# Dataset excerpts
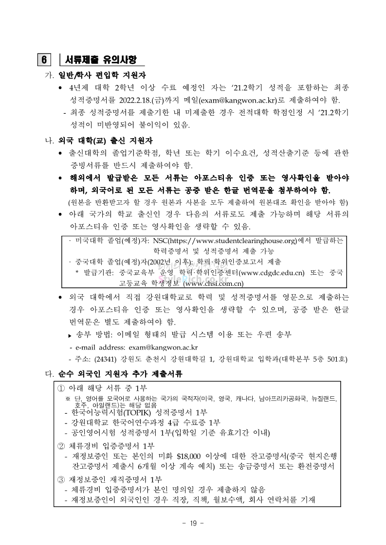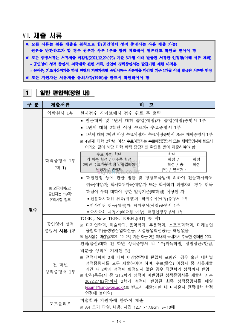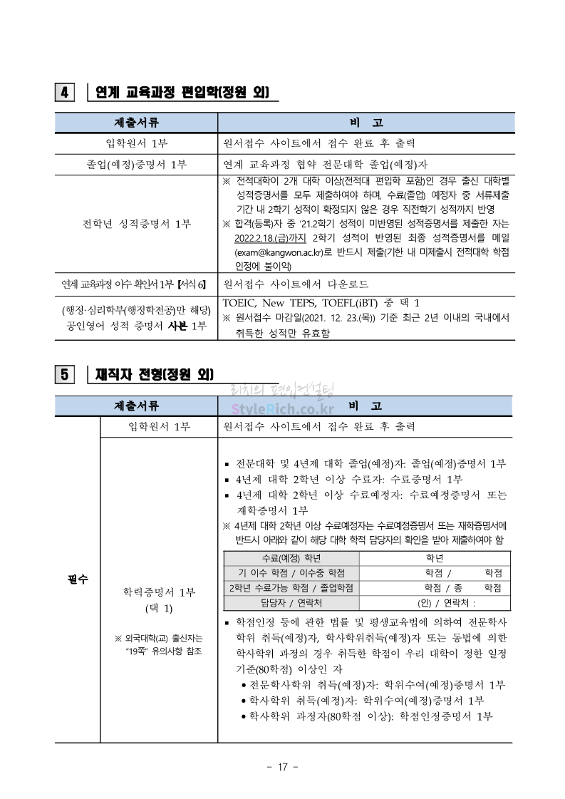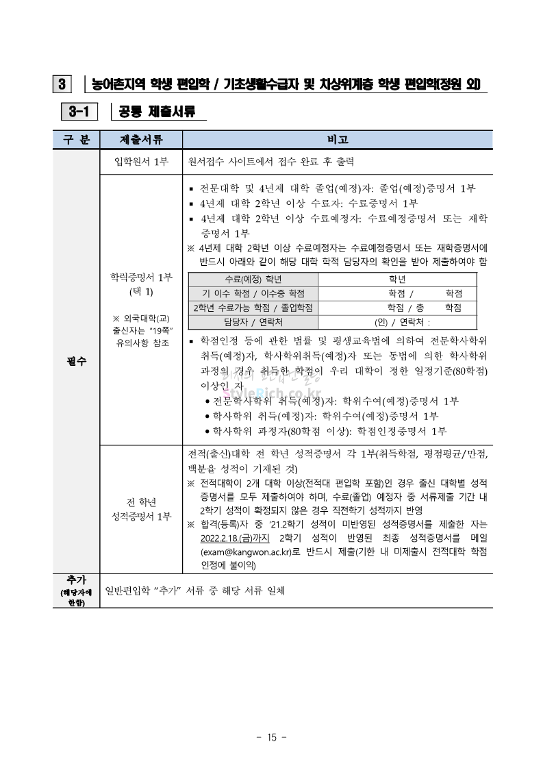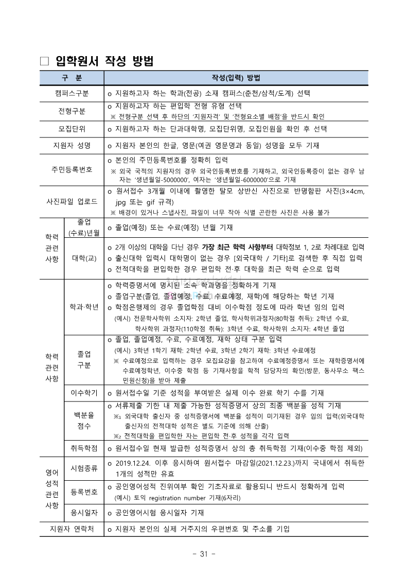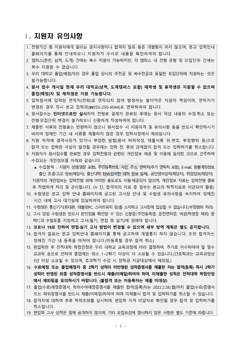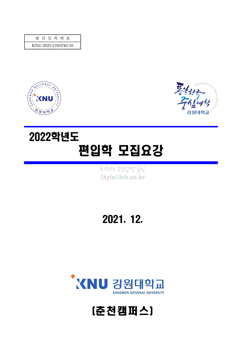 강원대 편입 2022학년도 모집요강 간편하게 보자! 2021.12.11 00:41 편입 모집요강/2022학년도 모집요강 2022학년도 강원대 편입 모집요강(2021.12.10 기준)을 간편하게 확인하세요. * 최종 모집요강 발표 이후에도 내용의 일부가 변경될 수 있으니 지원 전 반드시 강원대 입학처의 모집요강을 확인 바랍니다. 2022학년도 강원대 편입 모집요강 다운받기 <출처: 강원대> 강원대학교의 내일을 ON : 가온| • 🔶가온이 리뷰해두리 곰두리 굿즈 편🔶 공유하기 게시글 관리 리치의 편입컨설팅 저작자표시 비영리 변경금지 (새창열림) '편입 모집요강 > 2022학년도 모집요강' 카테고리의 다른 글 서강대 편입 2022학년도 모집요강 간편하게 보자! (0) 2021.12.11 강원대(삼척) 편입 2022학년도 모집요강 간편하게 보자! (0) 2021.12.11 한양대 편입 2022학년도 모집요강 간편하게 보자! (0) 2021.12.10 한국외대 편입 2022학년도 모집요강 간편하게 보자! (0) 2021.12.10 서울여대 편입 2022학년도 모집요강 간편하게 보자! (0) 2021.12.10 댓글 공유하기 다른 글 댓글 이 글 공유하기 구독하기 구독하기 카카오톡 카카오톡 라인 라인 트위터 트위터 Facebook Facebook 카카오스토리 카카오스토리 밴드 밴드 네이버 블로그 네이버 블로그 Pocket Pocket Evernote Evernote 다른 글 서강대 편입 2022학년도 모집요강 간편하게 보자! 서강대 편입 2022학년도 모집요강 간편하게 보자! 2021.12.11 강원대(삼척) 편입 2022학년도 모집요강 간편하게 보자! 강원대(삼척) 편입 2022학년도 모집요강 간편하게 보자! 2021.12.11 한양대 편입 2022학년도 모집요강 간편하게 보자! 한양대 편입 2022학년도 모집요강 간편하게 보자! 2021.12.10 한국외대 편입 2022학년도 모집요강 간편하게 보자! 한국외대 편입 2022학년도 모집요강 간편하게 보자! 2021.12.10 다른 글 더 둘러보기
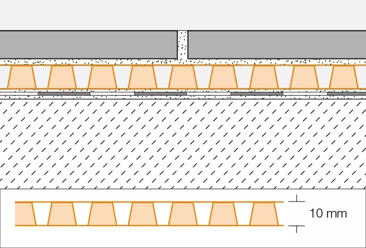 - O geotêxtil laminado na parte inferior é utilizado para a colagem do cimento cola, que é aplicado sobre a impermeabilização conjunta com um dentado (recomendação: 4 x 4 mm ou 6 x 6 mm) e embebida em DITRA-DRAIN 8 em toda a superfície.
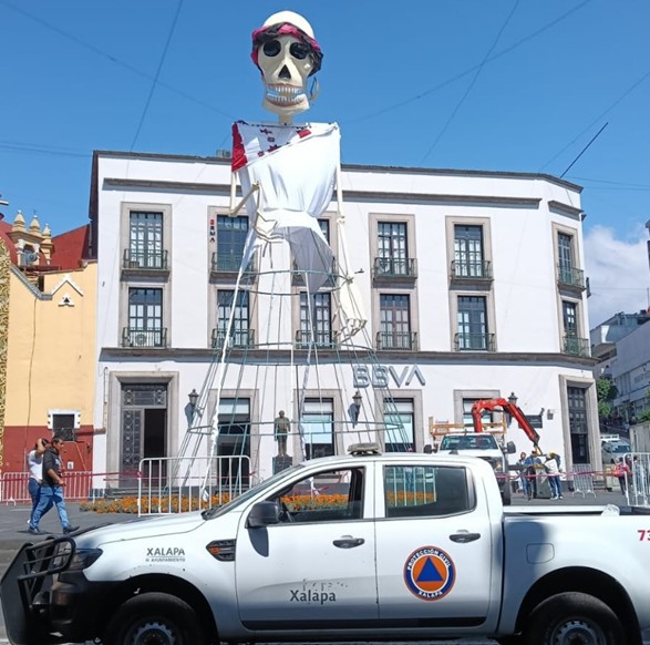 Por Frente Frío No. 11, retiran temporalmente la Catrina Monumental de Plaza Lerdo en Xalapa
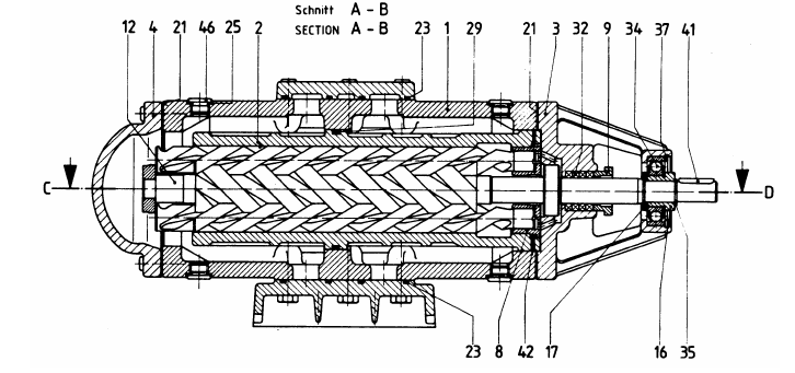 ◆U12.1結(jié)構(gòu)圖 ◆E6.7結(jié)構(gòu)圖(940轉(zhuǎn)速以下) ◆E6.7結(jié)構(gòu)圖(940以上) ◆E15結(jié)構(gòu)圖(940以下) ◆K2結(jié)構(gòu)圖 ●U12.1結(jié)構(gòu)圖 1.泵體 2.襯套 8.平衡套 12.主桿 13從桿 34 軸承 83 機(jī)械密封 ●SM三螺桿泵E6.7結(jié)構(gòu)圖(940轉(zhuǎn)速以下) ●E6.7結(jié)構(gòu)圖(940以上)
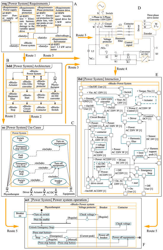 Flux diagram of the BWS power system development in SysML form. (A) Power system requirements diagram. (B) Power system layout diagram. (C) Power system use cases. (D) BWS power system circuit. (E) Power system internal block diagram. (F) Power system sequence diagram.
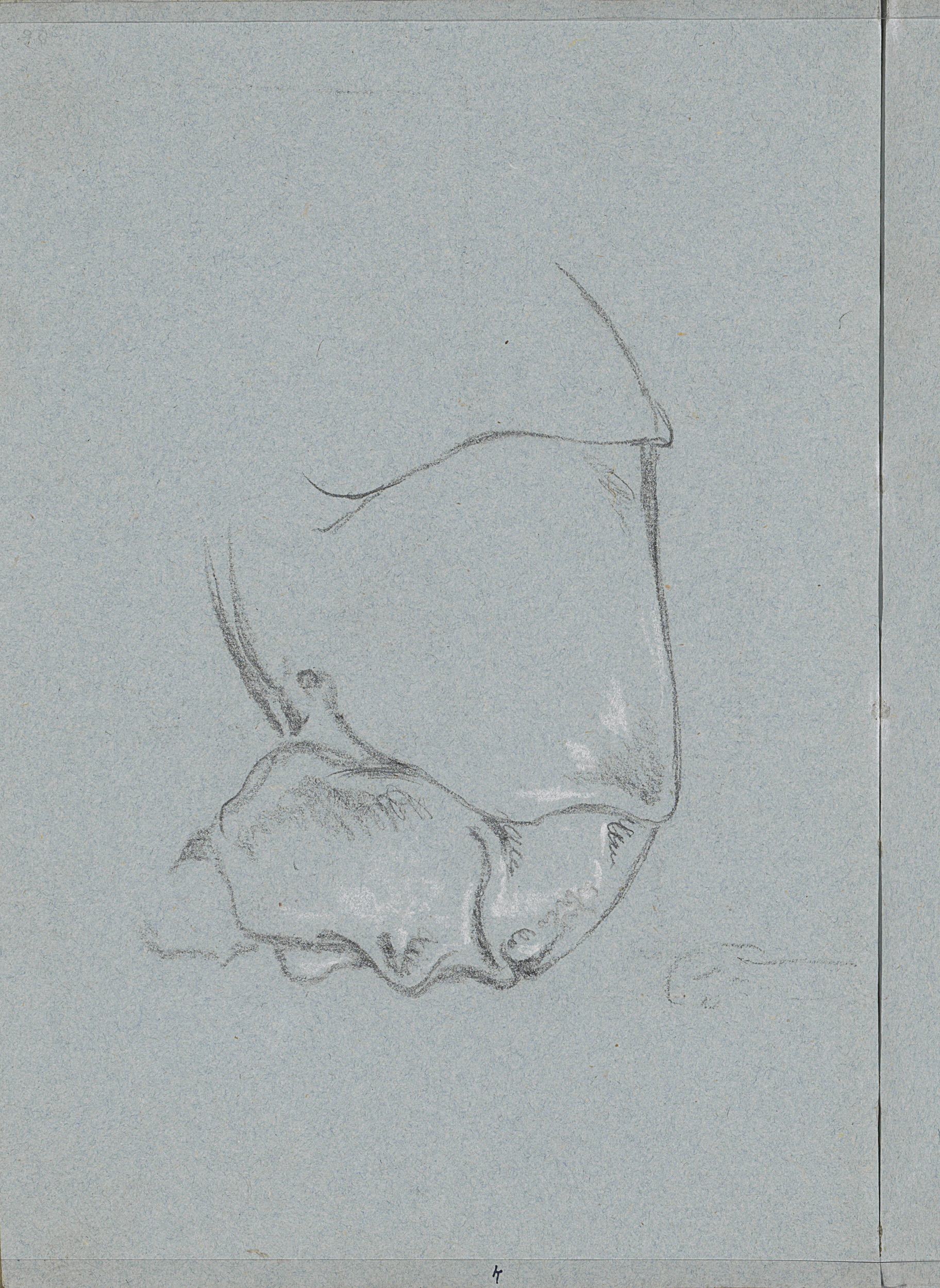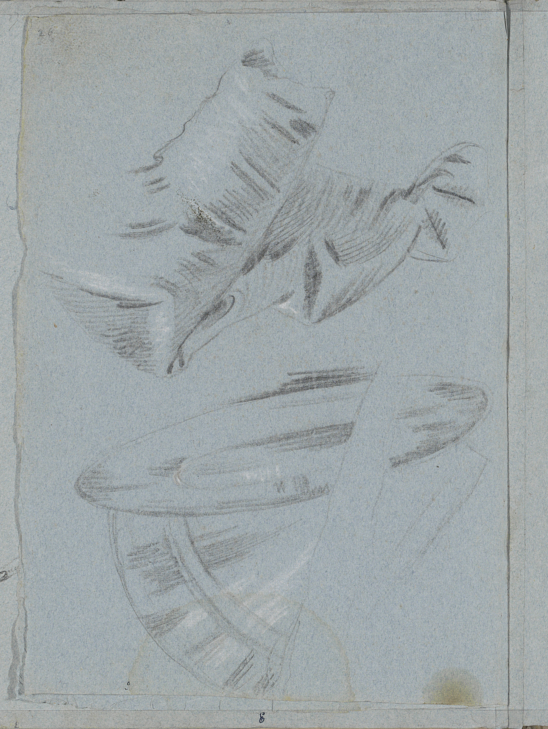 Draperie, een vliegende putto en borsten
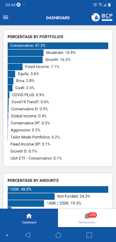 - Accesso immediato al patrimonio totale, ai conti aperti e alle suddivisioni del portafoglio.
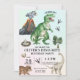 Eine Dino-Milbe Dinosaurier Geburtstagsfeier mit einem bösen Jungen T-Rex, Vulkanausbruch, Brontosaurus, Triceratops und Dino-Eiern. Ein niedlich angesagtes Dino-Design für die Kindergeburtstagsfeier.
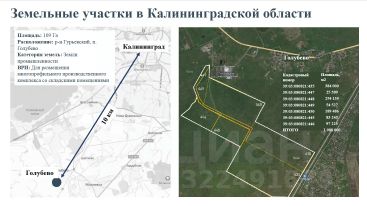 Продается земельный участок площадью 42 Га, расположенный вблизи поселка Сазоновка Гурьевского района Калининградской области, земли промышленности, для размещения производственно-складского комплекса. Есть презентация современного складского комплекса. До окружн...
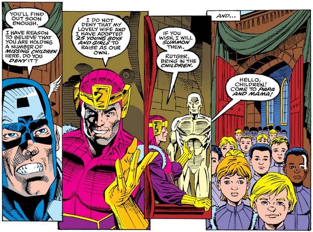 Cap dodges the questions about the contents of his holster and asks about the kids, whom Zemo is more than happy to claim as his own.
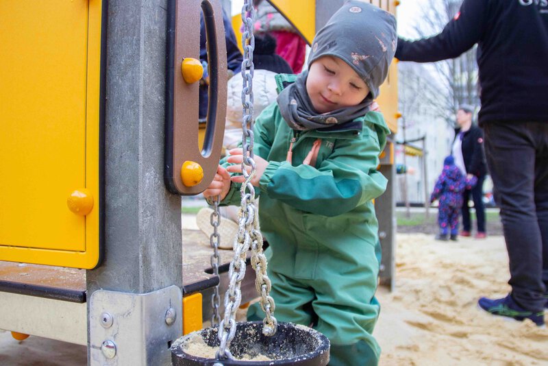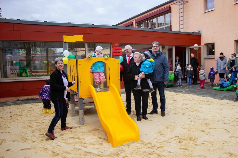 Das neue Spielgerät, bestehend aus einer kleinen Rutsche, Kletteranregungen und einem Seilzug, wurde von den Kindern mit großer Begeisterung in Empfang genommen. Nun haben sie eine neue Möglichkeit, ihre motorischen Fähigkeiten zu entwickeln und ihre Fantasie auszuleben. Aber nicht nur das Spielturm-Set wurde erneuert, auch der Sandbereich ringsherum erhielt eine Frischekur. Dadurch stehen den Kindern im Krippenbereich ab sofort zahlreiche Spiel- und Entdeckungsmöglichkeiten zur Verfügung.
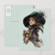 Scène vintage avec une femme à la mode dans un grand casquette élégant tenant son petit chien.

# Exercise prompt
Above are some records. Output exactly the lines from the one that contains "1.泵體 2.襯套 8.平衡套" to the one that contains "Flux diagram of", keeping both, and omit the pictures.

# Task answer
 ◆U12.1結(jié)構(gòu)圖 ◆E6.7結(jié)構(gòu)圖(940轉(zhuǎn)速以下) ◆E6.7結(jié)構(gòu)圖(940以上) ◆E15結(jié)構(gòu)圖(940以下) ◆K2結(jié)構(gòu)圖 ●U12.1結(jié)構(gòu)圖 1.泵體 2.襯套 8.平衡套 12.主桿 13從桿 34 軸承 83 機(jī)械密封 ●SM三螺桿泵E6.7結(jié)構(gòu)圖(940轉(zhuǎn)速以下) ●E6.7結(jié)構(gòu)圖(940以上)
 Flux diagram of the BWS power system development in SysML form. (A) Power system requirements diagram. (B) Power system layout diagram. (C) Power system use cases. (D) BWS power system circuit. (E) Power system internal block diagram. (F) Power system sequence diagram.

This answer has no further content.